2022-May-20 07:06 UTC

head link

[PATCH 2/3] mm/memory-failure.c: support reset PTE during unpoison

Origianlly, unpoison_memory() is only used by hwpoison-inject, and
unpoisons a page which is poisoned by hwpoison-inject too. The kernel PTE
entry has no change during software poison/unpoison.

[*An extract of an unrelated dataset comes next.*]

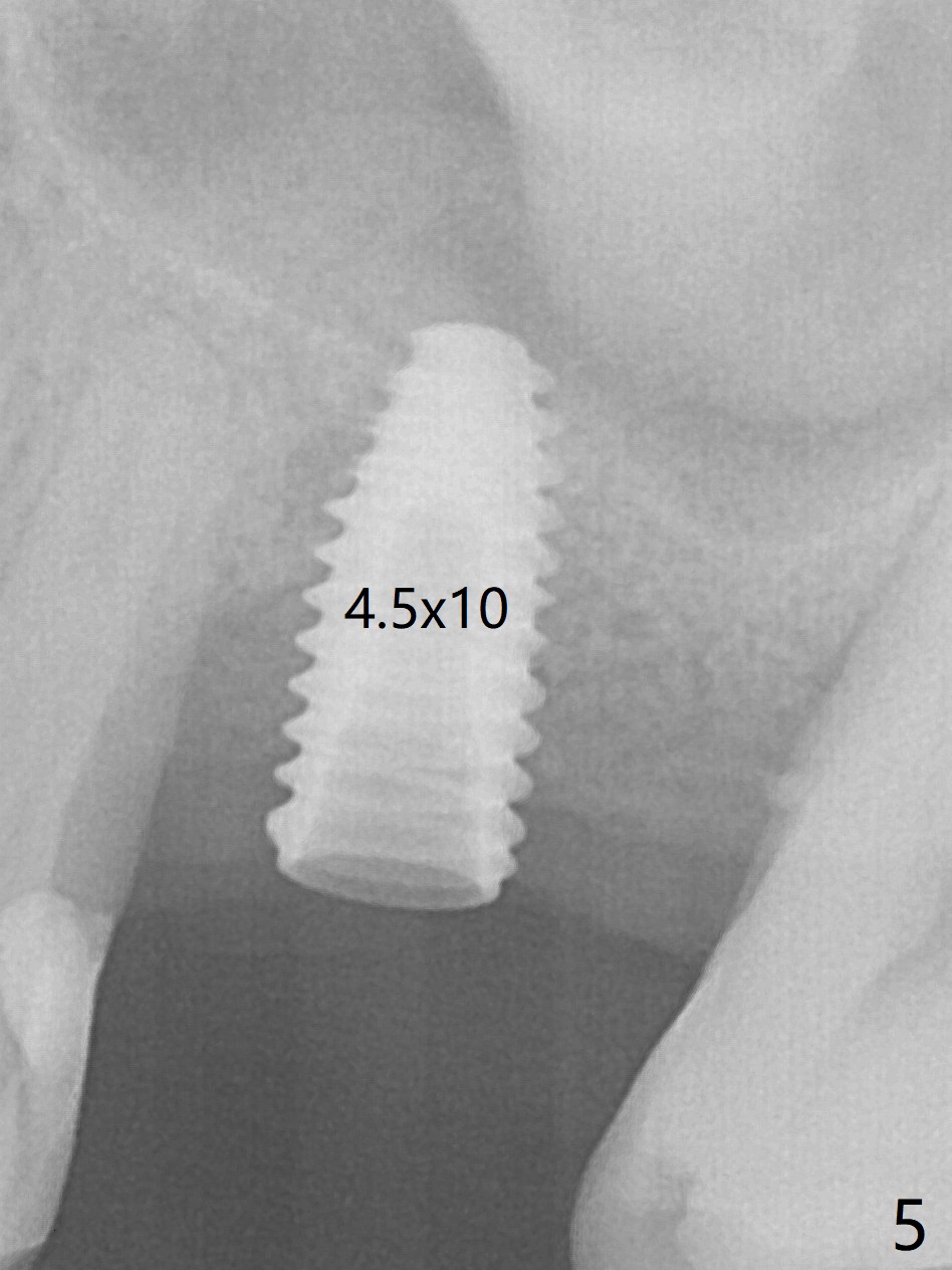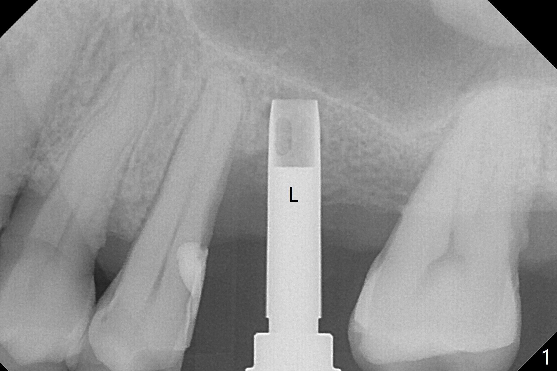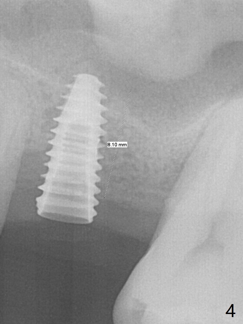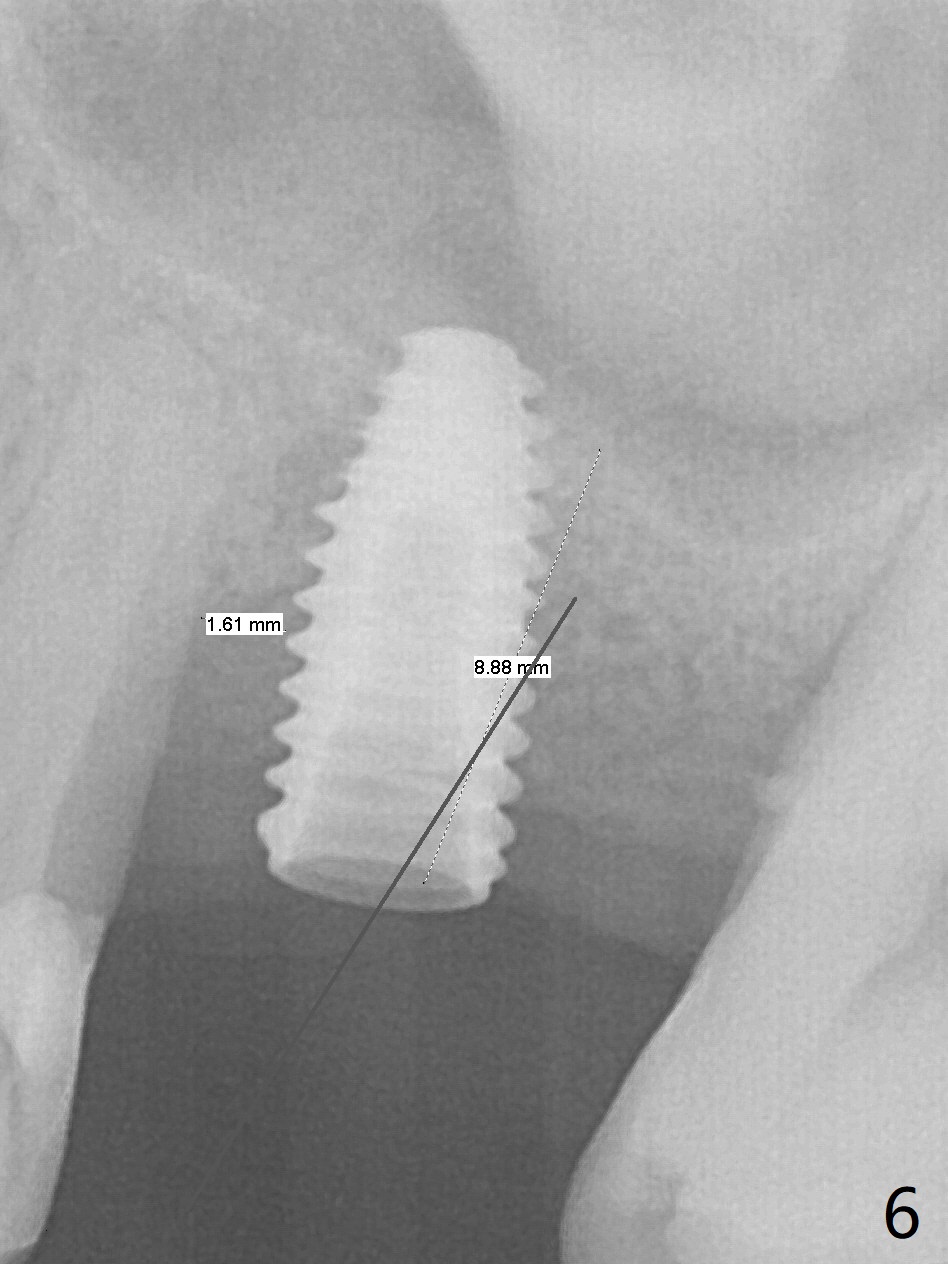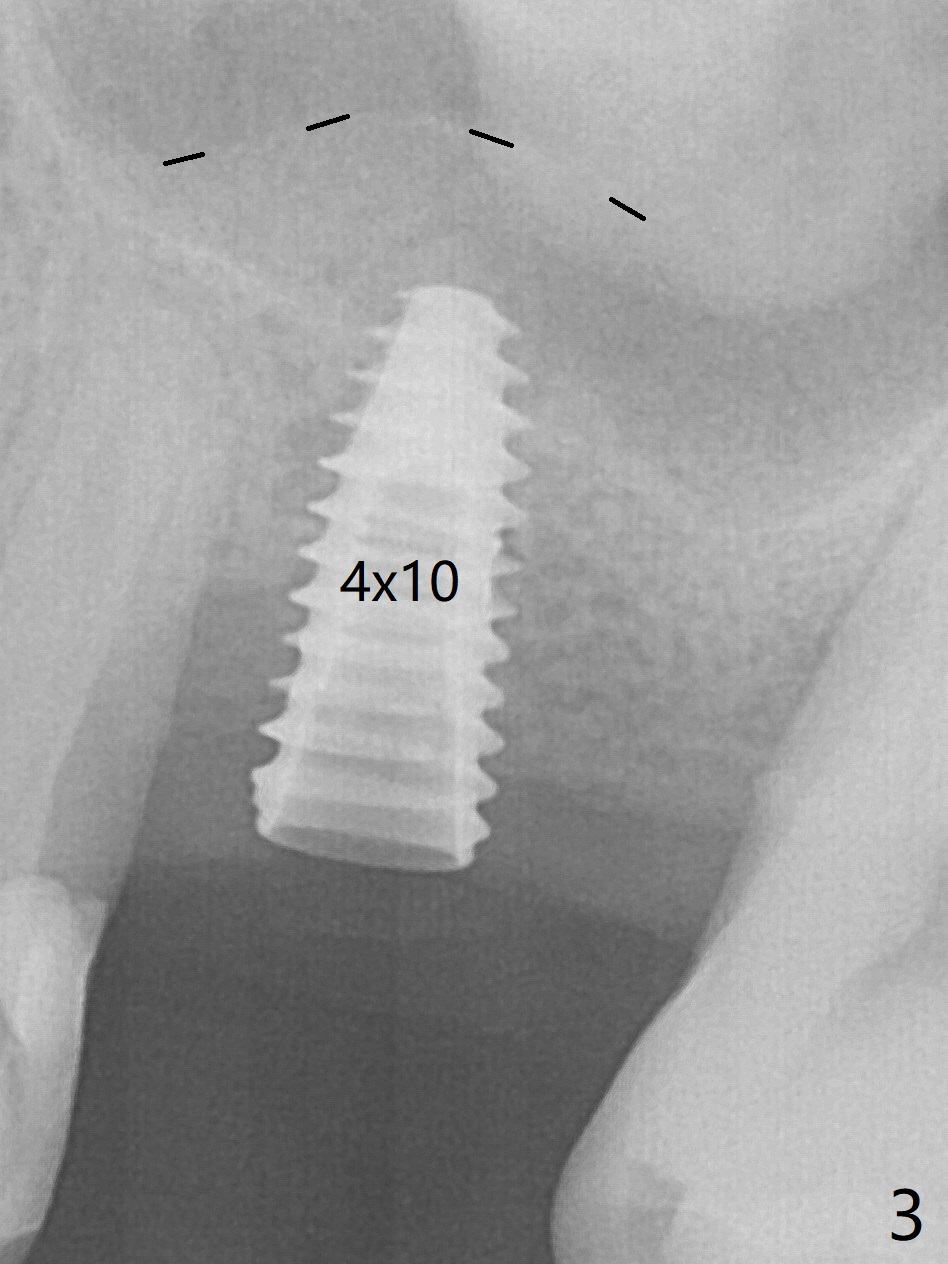 Trajectory of sinus lift without guide at #14 is off (Fig.1 (Magic Sinus Lifter (L) for 9 mm (gingival level)) and needs to be corrected (Fig.2 long line) by re-using 4.8 mm Magic Drill. Following placement of PRF membrane and Demineralized Cortical Allograft (.125-.850 mm) for sinus lift (Fig.3 black dashed line), a 4x10 mm dummy implant is placed with off trajectory. The latter will be fixed by using Lindmann bur to remove the bone distal (Fig.4). The result is less satisfactory with placement of 4.5x10 mm dummy implant (Fig.5). It appears necessary to initiate a new osteotomy (Fig.6 long black line). In fact the result is appealing (Fig.7). The final implant (5x7.3 mm) seems to be placed ideally shown by PA (Fig.8) and BW (Fig.9). Immediately postop CT demonstrates distal defect (Fig.10 *;3-D) and supracrestal placement palatal (Fig.11 P; coronal section). More allograft is then placed in these 2 areas. In all, it is difficult to establish a correct osteotomy without guide. The patient return for uncover 3.5 months postop, although there is a small hole in the middle of the incision (Fig.12). The crown/abutment becomes loose less than 1 month post cementation when the patient chews something tough. It is more related to the unfavorable implant/crown ratio. It is loose again 2 months later. Screw driver is buried inside the abutment with plumber tape. When it is loose for the 3rd time 13 months post cementation, the existing screw driver with a created slot (for retention) is buried without plumber tape after retorque at 35 Ncm (Fig.13). A tissue-level implant should have been used.

On a virtualization platform, it's possible to fix hardware corrupted page
by hypervisor, typically the hypervisor remaps the error HVA(host virtual
address). So add a new parameter 'const char *reason' to show the reason
called by.

Once the corrupted page gets fixed, the guest kernel needs put page to
buddy. Reuse the page and hit the following issue(Intel Platinum 8260):
 BUG: unable to handle page fault for address: ffff888061646000
 #PF: supervisor write access in kernel mode
 #PF: error_code(0x0002) - not-present page
 PGD 2c01067 P4D 2c01067 PUD 61aaa063 PMD 10089b063 PTE 800fffff9e9b9062
 Oops: 0002 [#1] PREEMPT SMP NOPTI
 CPU: 2 PID: 31106 Comm: stress Kdump: loaded Tainted: G   M       OE    
5.18.0-rc6.bm.1-amd64 #6
 Hardware name: QEMU Standard PC (i440FX + PIIX, 1996), BIOS
rel-1.16.0-0-gd239552ce722-prebuilt.qemu.org 04/01/2014
 RIP: 0010:clear_page_erms+0x7/0x10

The kernel PTE entry of the fixed page is still uncorrected, kernel hits
page fault during prep_new_page. So add 'bool reset_kpte' to get a
change
to fix the PTE entry if the page is fixed by hypervisor.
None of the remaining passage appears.